Digging deeper, there are some interesting coincidences associated with this newly discovered project and the older testing archives, such as:
- The account associated with the new GitHub project, ponpon262612, was created on January 19th 2024. That’s the very same day the developer we emailed was compromised in the attack, according to the log files we analyzed.
- The new GitHub account was dormant for months after it was created, but sprang to life, posting the new /testing project on July 31st, 2024 - the same day that ReversingLabs first established contact with the compromised developer.
Figure 11: Activities of the GitHub account publishing new packages
Is this a coincidence? Probably not. The correlation between the new project being published to GitHub on the same day that we reached out to one of the targeted developers regarding our discovery of the earlier, malicious GitHub archives may be a sign that the malicious actor still has access to the developer’s system and was privy to his communications. Seeing that their malicious project had been exposed might have prompted the malicious actor to post a carbon copy of it under another name.
Another possibility is that the developer we exchanged emails with is actually linked to this campaign in some way, not simply a victim of it.

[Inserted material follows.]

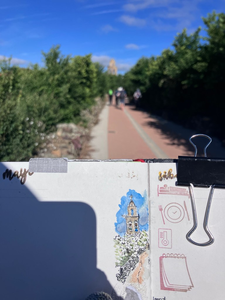 Quick it was not. Not by the time a German couple had stopped to tell me I must have more time than other people because they had seen me painting yesterday morning and now here I was drawing today! I believe we walked the same distance and had the same number of hours to do it in!

Regardless, the new repository was reported to the GitHub security team and has been removed.. However, since the entire campaign has been active since early 2023 and new malicious samples and projects still surface from time to time, we believe it is safe to call this an “active campaign” and one that will likely remain active for some time.
Conclusion
One obvious conclusion from our latest findings, and the previously documented VMConnect campaign is “this story isn’t over.” Our research revealed continued malicious activity targeting developers working within sensitive organizations, with malicious Python packages that closely mirrored the kinds of threats documented in 2023 as part of the VMConnect campaign. As we noted, the details revealed by our analysis of the packages in question make clear that malicious actors were targeting developers and looking to install malicious downloaders on developer systems capable of fetching second and third stage malware such as backdoors and info stealers.
Just like malicious attachments sent via email messages or web links, the developer “test” packages delivered via LinkedIn DMs likely provided a means of gaining a foothold on developer endpoints and, thereafter, exploit the developer’s permissions to move laterally and exploit other, higher value IT assets.
Campaigns such as this that leverage open source packages and platforms to target developers are a growing trend among sophisticated cyber criminal and nation-state groups. North Korea’s Lazarus Group, which is believed to be behind this campaign, is a good indicator of how such threats are playing out. Lazarus is an advanced and very active threat actor focused on financial gain and cryptocurrency theft to benefit the government of North Korea. Threat reports from other research groups show that Lazarus and other North Korean threat actors are using a wide spectrum of offensive means to achieve their goals, including targeting developers and development organizations to infiltrate sensitive networks.
To address this growing risk, organizations need to be on the lookout for such downloads while also educating their developers and other technical staff to be wary of any effort to trick them into downloading and executing code from an unknown source on their system.